Утрата надежды на славное будущее старшего сына была особенно тяжела для Сципиона из-за того, что младший при отменном физическом здоровье был поражен иной болезнью. Луций слишком активно впитывал в себя современные нравы и жаждал успеха любой ценой. Он в большей степени походил на Фульвия Нобилиора и Манлия Вольсона, чем на собственного отца. Дочери были замечательны во всех отношениях, но даже при своих достоинствах они, конечно же, не могли в должной мере составить отцовскую гордость такого человека как Публий Сципион Африканский.
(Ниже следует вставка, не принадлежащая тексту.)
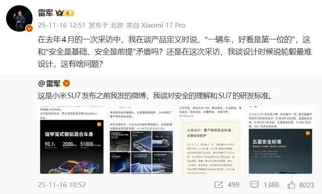 尤其对小米汽车而言,当下舆论环境对营销话题高度敏感。SU7发布以来,小米汽车凭借高性价比收获关注,但也伴随“过度营销”“情怀绑架”质疑。此时小米最需用硬实力弱化营销争议,而非在话术层面与网友纠缠。若雷军此次发布的是小米在电池热管理技术上的新突破、SU7碰撞测试具体数据或自动驾驶系统安全升级成果,效果会截然不同。这些内容既能呼应小米“安全高于一切”的理念,又能将舆论焦点引导至产品本身,既打动潜在消费者,又能堵住质疑者之口。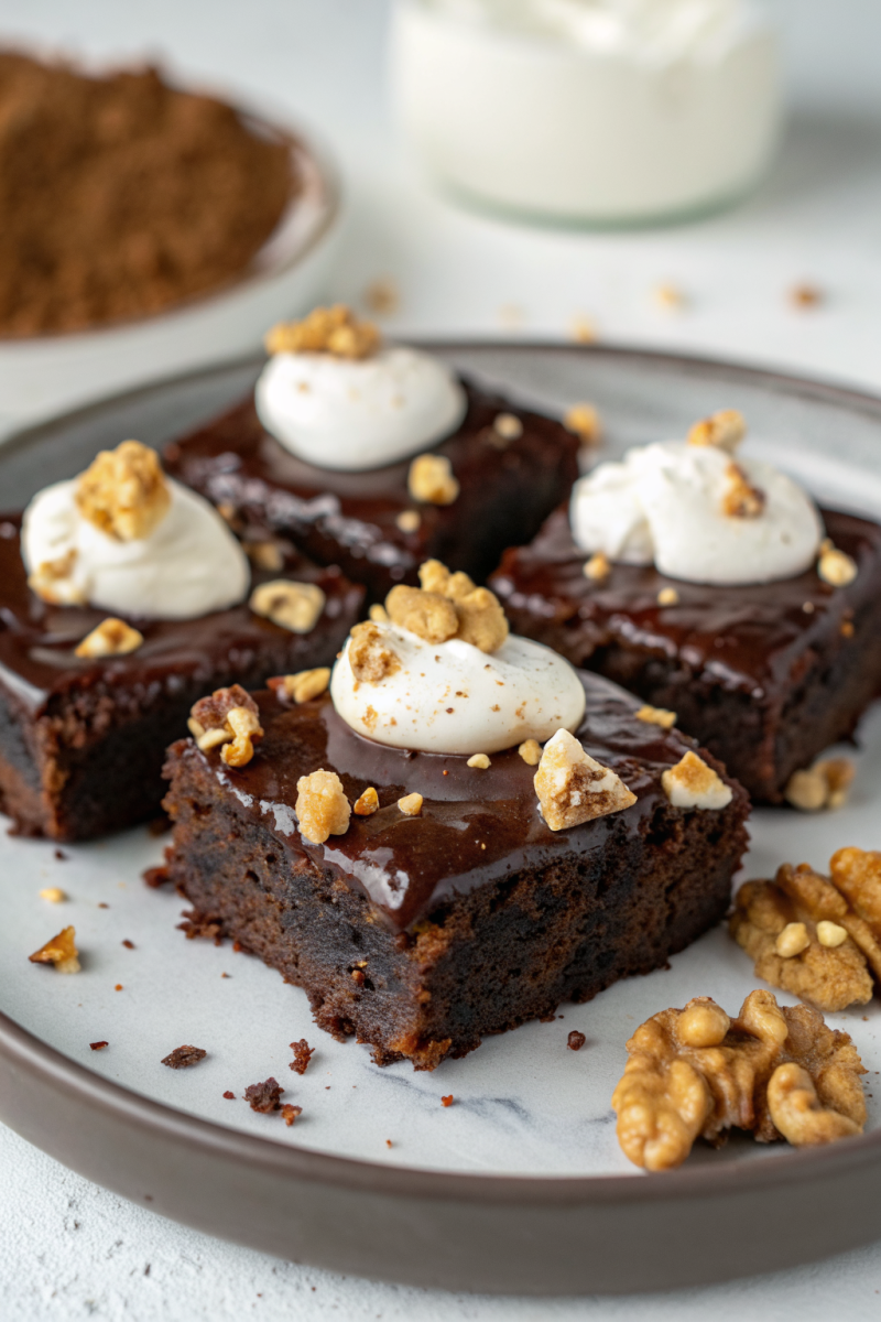 - Nutty Garnish: A sprinkle of toasted chopped nuts (pecans, walnuts, or almonds) adds a delightful crunch and extra visual appeal to your Greek yogurt brownies.

Дух Сципиона не мог найти приют в семейной гавани. Дома достижения его последнего похода воспринимались более скептически, чем где-либо. Тон такому настроению задавала Эмилия, но даже рабы шептались по углам о том, что господин начал стареть и ныне уже совсем не таков, каким был прежде.

Эмилия не желала простить мужу своего унижения перед Ветурией во время триумфа Луция. Весь тот памятный день она чувствовала себя несправедливо обиженной и была единственным несчастным человеком в праздничном Риме. Правда, в решающий момент, когда на арену Большого цирка въехал триумфатор, взрыв эмоций многотысячной толпы захватил и ее, причем настолько, что в порыве патриотической радости она даже привлекла к себе и обняла Ветурию. Но в следующий миг Эмилия увидела идущего рядом с колесницей лишь чуть-чуть впереди остальных легатов Публия, и ей сразу показалось, будто в объятиях она сжимает холодную скользкую змею. Эмилия поспешно с брезгливым ужасом оттолкнула жену Луция, но было уже поздно: эта кобра – соперница по славе мужей – успела смертельно ужалить ее своим счастьем. Затем она услышала за спиной ядовитый шепот обывателей, смакующих в предвкушении ссоры знаменитых братьев угрюмый вид Публия, и ее досада еще более усугубилась. В дальнейшем, смотря на мужа, Эмилия всегда вторым планом видела оскорбительное зрелище, как он, Публий, на глазах всего Рима идет пешком рядом с возвышающимся в триумфальной колеснице братом. Эта картина стала ситом, фильтрующим их общение и отсеивающим, извлекающим из него все добрые чувства. Так, даже женщина столь выдающегося характера ни умом, ни сердцем не смогла противостоять формальной оценке общества и подчинила свои взгляды ритуальной расстановке фигур во время обрядного шествия. В женской потребности уступать силе, она как бы отдалась общественному мнению и изменила с ним мужу и собственной любви.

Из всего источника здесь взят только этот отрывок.